WORK TO BE COMPLETED –
I'd like the entire listing output verbatim, apart from the pictures.

DATA SEGMENT –
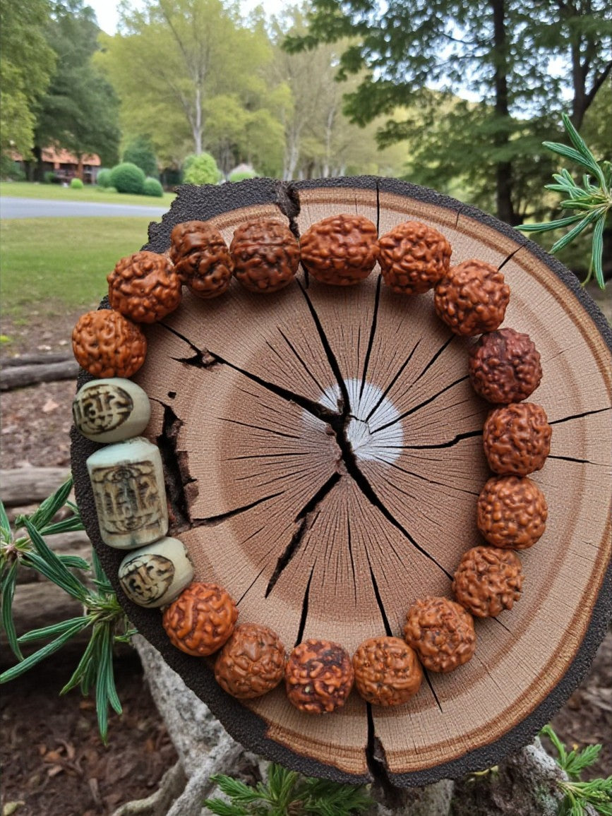 🌿 Product Description: 5 Mukhi Rudraksha & Radha Tulsi Beads Bracelet
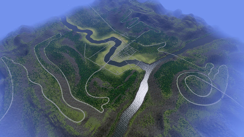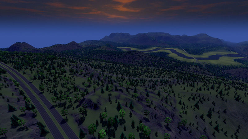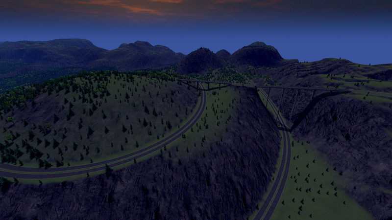 Do you like long winding drives through the mountains? Into the European Valley was hand crafted to feature 3 highways that descend from 1000 meters above sea level to 12 meters. Each of the highways was built with configurable slope limits and fine road heights to create realistic slopes and are perfectly parallel the whole way down, meeting up in a large cloverstack.
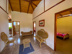 El tamaño de construcción de la casa es de aproximadamente 200 metros cuadrados (2152 pies cuadrados). Dispone de cuatro dormitorios y dos baños. Antes de entrar a la casa, verá el hermoso paisaje y la entrada al patio cubierto de la casa. Al costado de la casa hay un gran patio de azulejos con parrilla al aire libre y horno de barro. ¡Esta área es perfecta para recibir amigos y familiares! Al entrar a la casa, se encuentra en la sala de estar de concepto abierto y la cocina a un lado. Si bien la cocina es humilde, es completamente funcional. Puede hacer algunas mejoras fácilmente para llevarlo a estándares más altos. El segundo piso cuenta con hermosos techos abovedados, una amplia sala de estar, dormitorios y ofrece un balcón envolvente que se extiende a la mitad del perímetro de la casa.
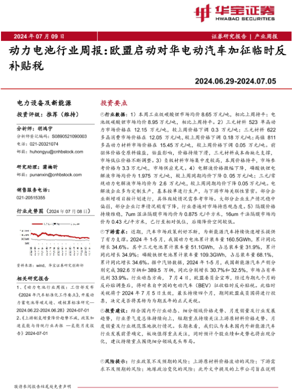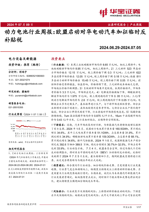 【华宝证券】【20240709】动力电池行业周报:欧盟启动对华电动汽车加征临时反补贴税-17页

ANSWER BELOW –
 🌿 Product Description: 5 Mukhi Rudraksha & Radha Tulsi Beads Bracelet
 Do you like long winding drives through the mountains? Into the European Valley was hand crafted to feature 3 highways that descend from 1000 meters above sea level to 12 meters. Each of the highways was built with configurable slope limits and fine road heights to create realistic slopes and are perfectly parallel the whole way down, meeting up in a large cloverstack.
 El tamaño de construcción de la casa es de aproximadamente 200 metros cuadrados (2152 pies cuadrados). Dispone de cuatro dormitorios y dos baños. Antes de entrar a la casa, verá el hermoso paisaje y la entrada al patio cubierto de la casa. Al costado de la casa hay un gran patio de azulejos con parrilla al aire libre y horno de barro. ¡Esta área es perfecta para recibir amigos y familiares! Al entrar a la casa, se encuentra en la sala de estar de concepto abierto y la cocina a un lado. Si bien la cocina es humilde, es completamente funcional. Puede hacer algunas mejoras fácilmente para llevarlo a estándares más altos. El segundo piso cuenta con hermosos techos abovedados, una amplia sala de estar, dormitorios y ofrece un balcón envolvente que se extiende a la mitad del perímetro de la casa.
 【华宝证券】【20240709】动力电池行业周报:欧盟启动对华电动汽车加征临时反补贴税-17页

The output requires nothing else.